Du côté oriental, les quatre patriarcats d’Alexandrie, Antioche, Jérusalem, et Constantinople,
ont développé une tradition du clergé marié, à la suite d’un passage de Paul à Timothée : « Le
responsable (episcopos) doit être irréprochable, époux d’une seule femme, un homme sobre,
raisonnable, équilibré, accueillant, capable d’enseigner, ni buveur ni brutal mais bienveillant,
ni querelleur ni cupide. Il faut qu’il dirige bien les gens de sa propre maison, qu’il obtienne
de ses enfants l’obéissance et se fasse respecter. Car si quelqu’un ne sait pas diriger sa
propre maison, comment pourrait-il prendre en charge une Église de Dieu ?» (1Tm 3,2-5).
Ainsi le responsable de la communauté était un homme marié. Les Actes des apôtres
expliquent à plusieurs reprises comment les apôtres choisissaient un « ancien, prebyteros »,
(souvent marié) lui imposant les mains et le chargeant de « veiller sur, epi-scopein » la
nouvelle communauté. Les Eglises orientales ont perpétué cette discipline. A la naissance de
la vie monastique, le célibat a été réservé aux moines uniquement, qui n’avaient pas
nécessairement une charge pastorale, tandis que les prêtres séculiers étaient choisis parmi les
hommes mariés, et cela a duré jusqu’au 16ème siècle. A partir de cette période, suite à des
influences de missionnaires venant d’Occident, les églises orientales ont commencé à avoir
des prêtres diocésains célibataires à côté des prêtres mariés.

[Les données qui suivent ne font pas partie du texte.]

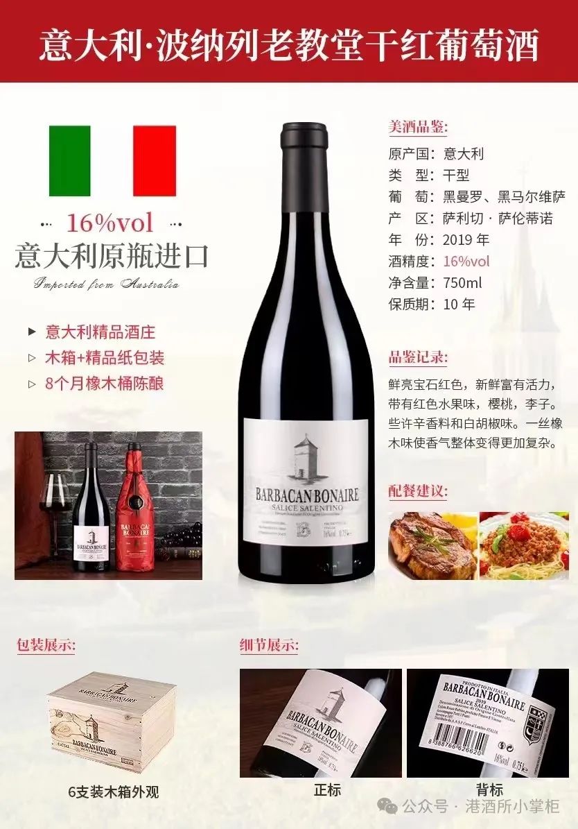 波纳列老教堂干红葡萄酒是意大利的一款明星酒款,属于当地的名酒。主要以本土独有的当地特色葡萄品种黑曼罗而名扬全球的顶级DOC。干燥炎热的气候造就了当地葡萄品种黑曼罗的糖度极高,再加上风干技术酿造的黑曼罗更为珍贵,才能酿出纯天然的16度的非加强性葡萄酒,香气持久、浓郁扑鼻。

C’est le cas dans mon Eglise Maronite qui appartient au patriarcat d’Antioche. Jusqu’à
au début du 20ème siècle, quand une communauté perdait son curé, elle se réunissait, et, après
avoir discerné les aptitudes de ses différents membres, elle choisissait celui qui avait les
aptitudes requises pour lui proposer cette mission. S’il acceptait et qu’il était célibataire, il
devait se marier. Il était présenté à l’évêque qui confirmait l’appel et l’envoyait se former dans
un couvent, ou chez un autre prêtre avant d’être ordonné. Ce nouveau prêtre continuait à
travailler (paysan, instituteur…) pour subvenir aux besoins de sa famille, tout en assurant sa
charge pastorale.
Aujourd’hui le mariage n’est plus obligatoire. Mais le candidat au sacerdoce doit faire
son choix (mariage ou célibat) avant d’être ordonné. Une fois accepté par l’évêque, le
candidat est envoyé se former au séminaire patriarcal universitaire. Souvent, avant d’entrer au
séminaire, le candidat se met d’accord avec son évêque sur son état de vie. Celui qui a choisi
le mariage doit se marier avant l’ordination diaconale, avec une femme qui accepte la charge
de son mari. Il doit ensuite démontrer une certaine stabilité de vie de couple et de famille
avant l’ordination presbytérale. Au Liban, la majorité des prêtres mariés ont un travail,
souvent dans l’éducation, et généralement sa femme travaille aussi. Un prêtre qui a choisi le
célibat ne peut pas se marier après son ordination, de même qu’un prêtre marié devenu veuf
ne peut se remarier.
J’espère que ce petit historique permet de répondre à vos questions, complètement
légitimes. Je reste bien sûr à votre disposition si vous souhaitez prolonger la discussion.